*** Opening of Information supplied ***
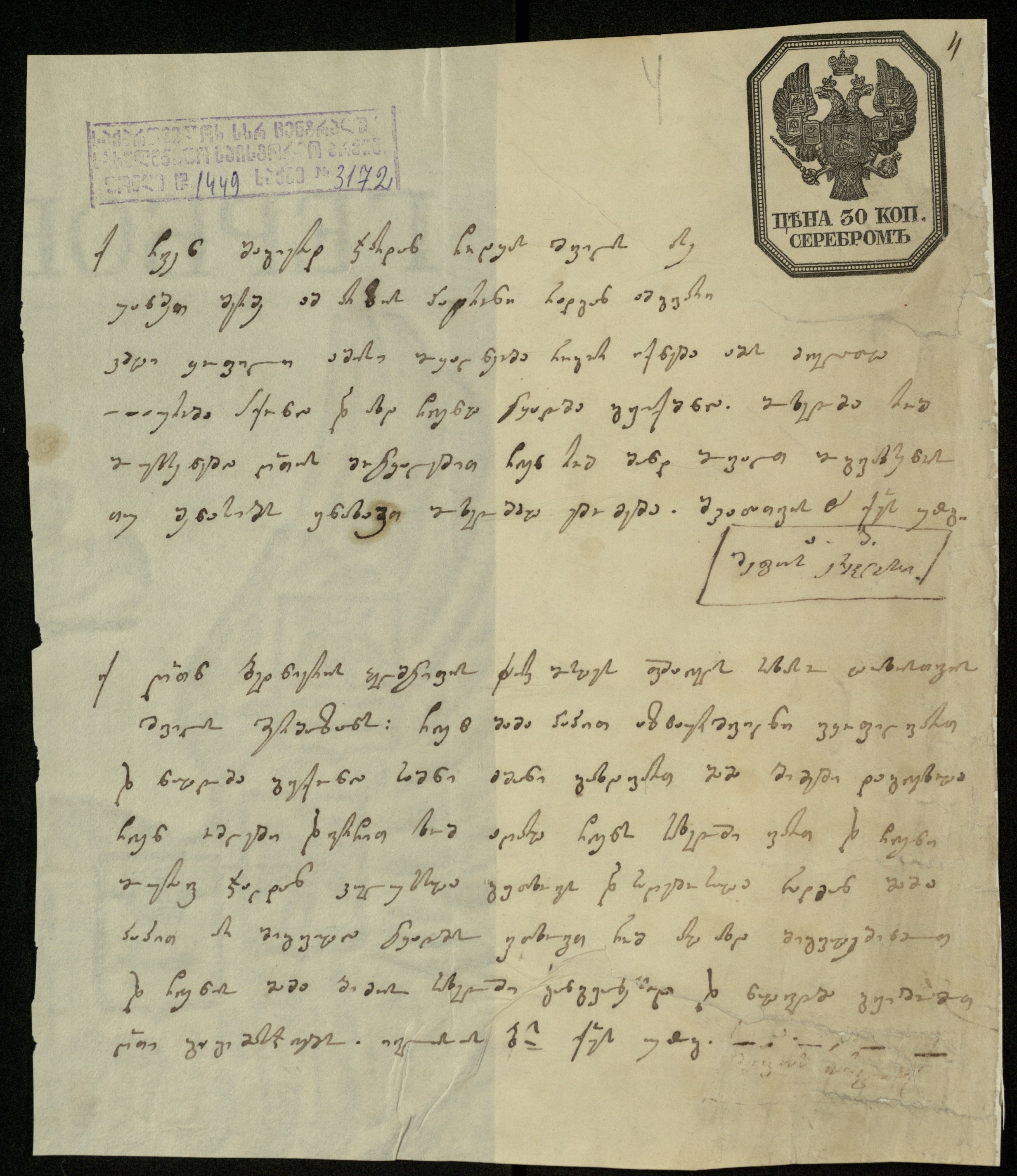 ჭვირნიშნიანი ქაღალდი მოყვითალო, დაწერილი ყავისფერი მელნით
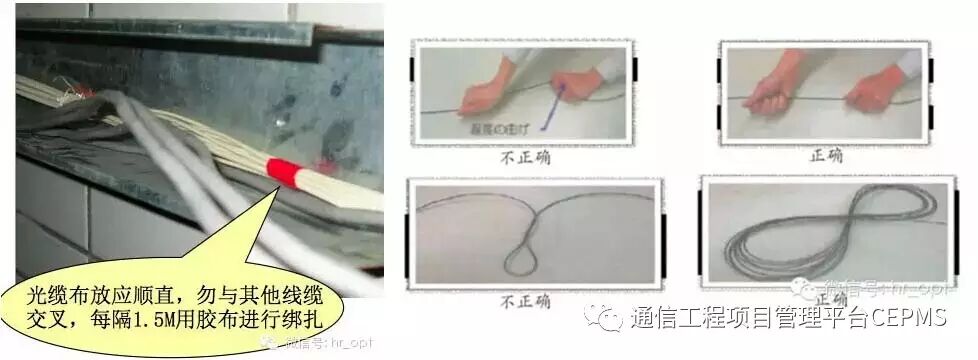7、光缆出管孔150mm 以内不得做弯曲处理。
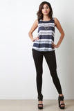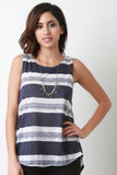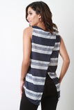 This stripe knit fabrication, round neckline, tulip open back design, and a high low hemline. Accessories sold separately. Made in U.S.A. 57.5% Rayon, 42.5% Polyester.
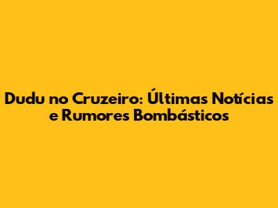 Dudu No Cruzeiro: Últimas Notícias E Rumores Bombásticos
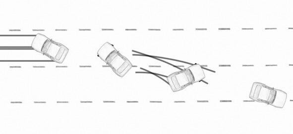 Как видим, после поворота руля машина начала медленно разворачиваться. Траектория движения немного искривилась. Следы от шин прервались, так как небольшую дистанцию машина двигалась почти задним ходом. Поворот руля позволил не только развернуться, но и искривить траекторию против направления заноса. Аналогичное искривление траектории мы наблюдали, когда выполняли полицейский разворот (преломление траектории было нежелательным, мы старались его исключить при помощи предварительного смещения).
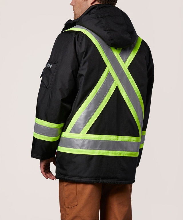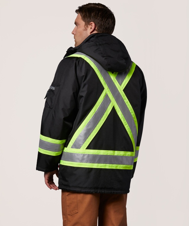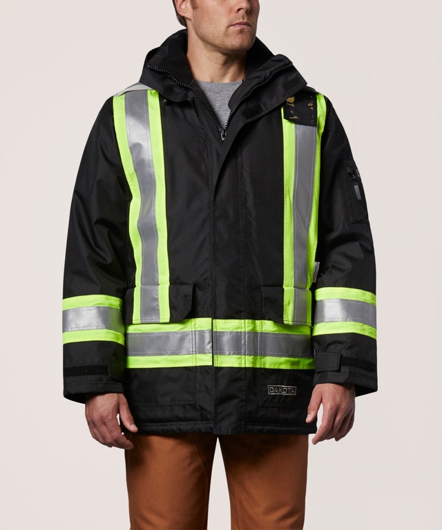 This Dakota WorkPro Series high-visibility parka is treated with HYPER-DRI HD3, making it waterproof and breathable for dryness from the inside out. It has a three-piece detachable and insulated peaked hood featuring an elastic draw cord with barrel-locks for full head protection. Fully lined and insulated, this coat features a storm flap-protected front zipper and underarm grommet vents for body heat regulation. Equipped with plenty of pockets to store small work tools and other essentials, this jacket features bold safety striping, making it an ideal companion when you're working outdoors in the winter.
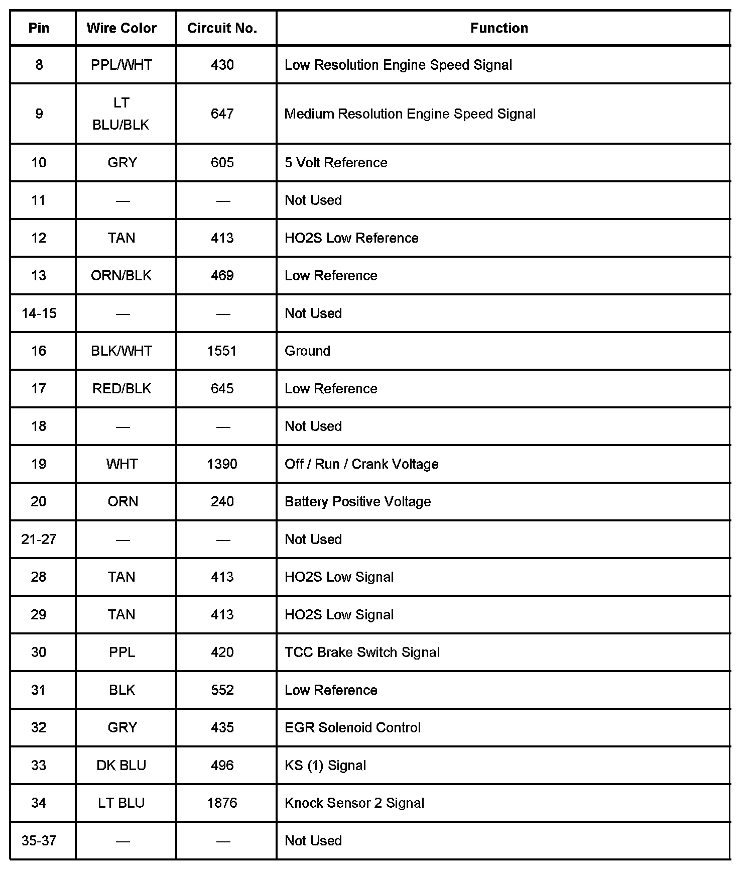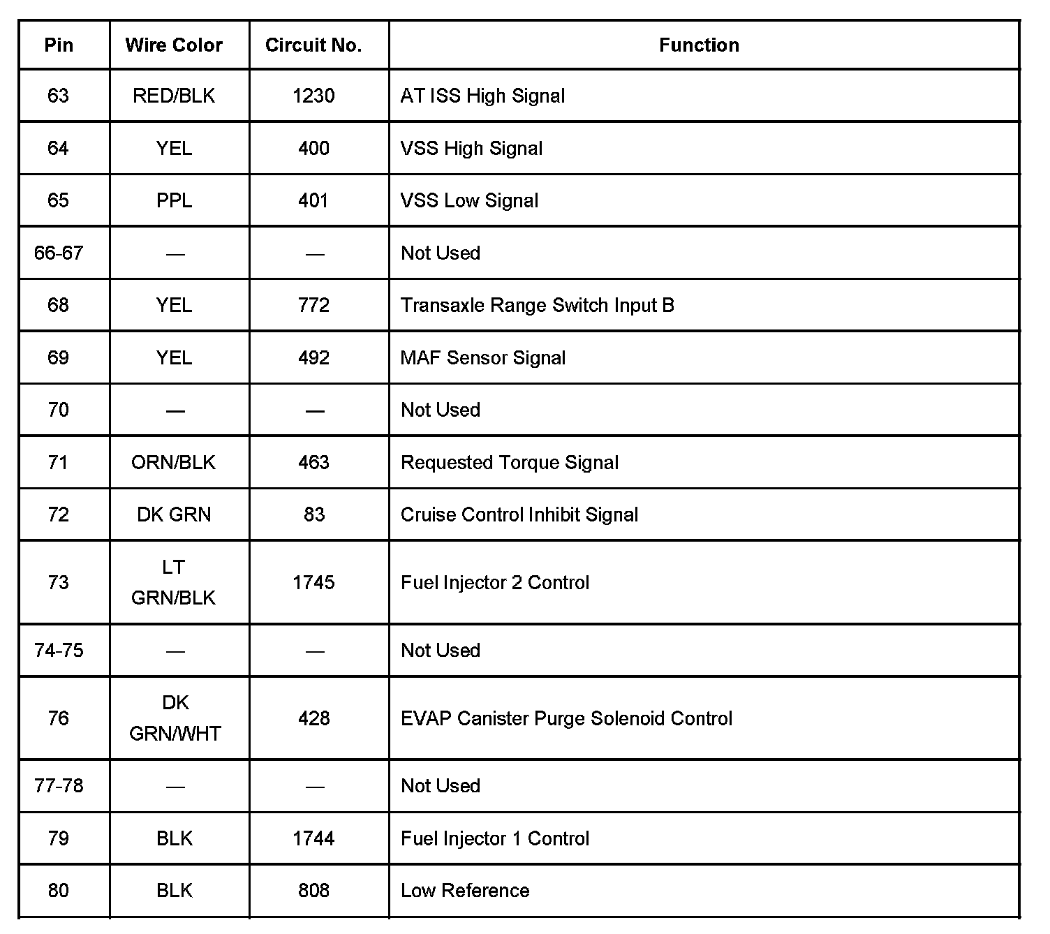 PCM 80-Way Blue Connector C1 Details Part 2:
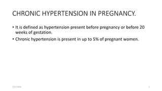 The document discusses chronic hypertension in pregnancy and pre-eclampsia. It defines chronic hypertension as hypertension present before 20 weeks of gestation. Risk factors for chronic hypertension include age over 40, duration of hypertension over 15 years, high blood pressure levels, and medical disorders. Effects on the pregnancy include superimposed pre-eclampsia, IUGR, and stillbirth. Prenatal care includes tests to rule out other conditions and monitor the pregnancy. Pre-eclampsia is characterized by new hypertension and proteinuria after 20 weeks of gestation in a previously normotensive woman. It can lead to maternal and fetal complications if not monitored and managed properly. Management involves hospitalization, medication, and delivery depending on severity and
*** Close of Information supplied ***
__What to do__
Return the material above verbatim, minus the pictures.

__Your solution__
 ჭვირნიშნიანი ქაღალდი მოყვითალო, დაწერილი ყავისფერი მელნით
7、光缆出管孔150mm 以内不得做弯曲处理。
 This stripe knit fabrication, round neckline, tulip open back design, and a high low hemline. Accessories sold separately. Made in U.S.A. 57.5% Rayon, 42.5% Polyester.
 Dudu No Cruzeiro: Últimas Notícias E Rumores Bombásticos
 Как видим, после поворота руля машина начала медленно разворачиваться. Траектория движения немного искривилась. Следы от шин прервались, так как небольшую дистанцию машина двигалась почти задним ходом. Поворот руля позволил не только развернуться, но и искривить траекторию против направления заноса. Аналогичное искривление траектории мы наблюдали, когда выполняли полицейский разворот (преломление траектории было нежелательным, мы старались его исключить при помощи предварительного смещения).
 This Dakota WorkPro Series high-visibility parka is treated with HYPER-DRI HD3, making it waterproof and breathable for dryness from the inside out. It has a three-piece detachable and insulated peaked hood featuring an elastic draw cord with barrel-locks for full head protection. Fully lined and insulated, this coat features a storm flap-protected front zipper and underarm grommet vents for body heat regulation. Equipped with plenty of pockets to store small work tools and other essentials, this jacket features bold safety striping, making it an ideal companion when you're working outdoors in the winter.
 PCM 80-Way Blue Connector C1 Details Part 2:
 The document discusses chronic hypertension in pregnancy and pre-eclampsia. It defines chronic hypertension as hypertension present before 20 weeks of gestation. Risk factors for chronic hypertension include age over 40, duration of hypertension over 15 years, high blood pressure levels, and medical disorders. Effects on the pregnancy include superimposed pre-eclampsia, IUGR, and stillbirth. Prenatal care includes tests to rule out other conditions and monitor the pregnancy. Pre-eclampsia is characterized by new hypertension and proteinuria after 20 weeks of gestation in a previously normotensive woman. It can lead to maternal and fetal complications if not monitored and managed properly. Management involves hospitalization, medication, and delivery depending on severity and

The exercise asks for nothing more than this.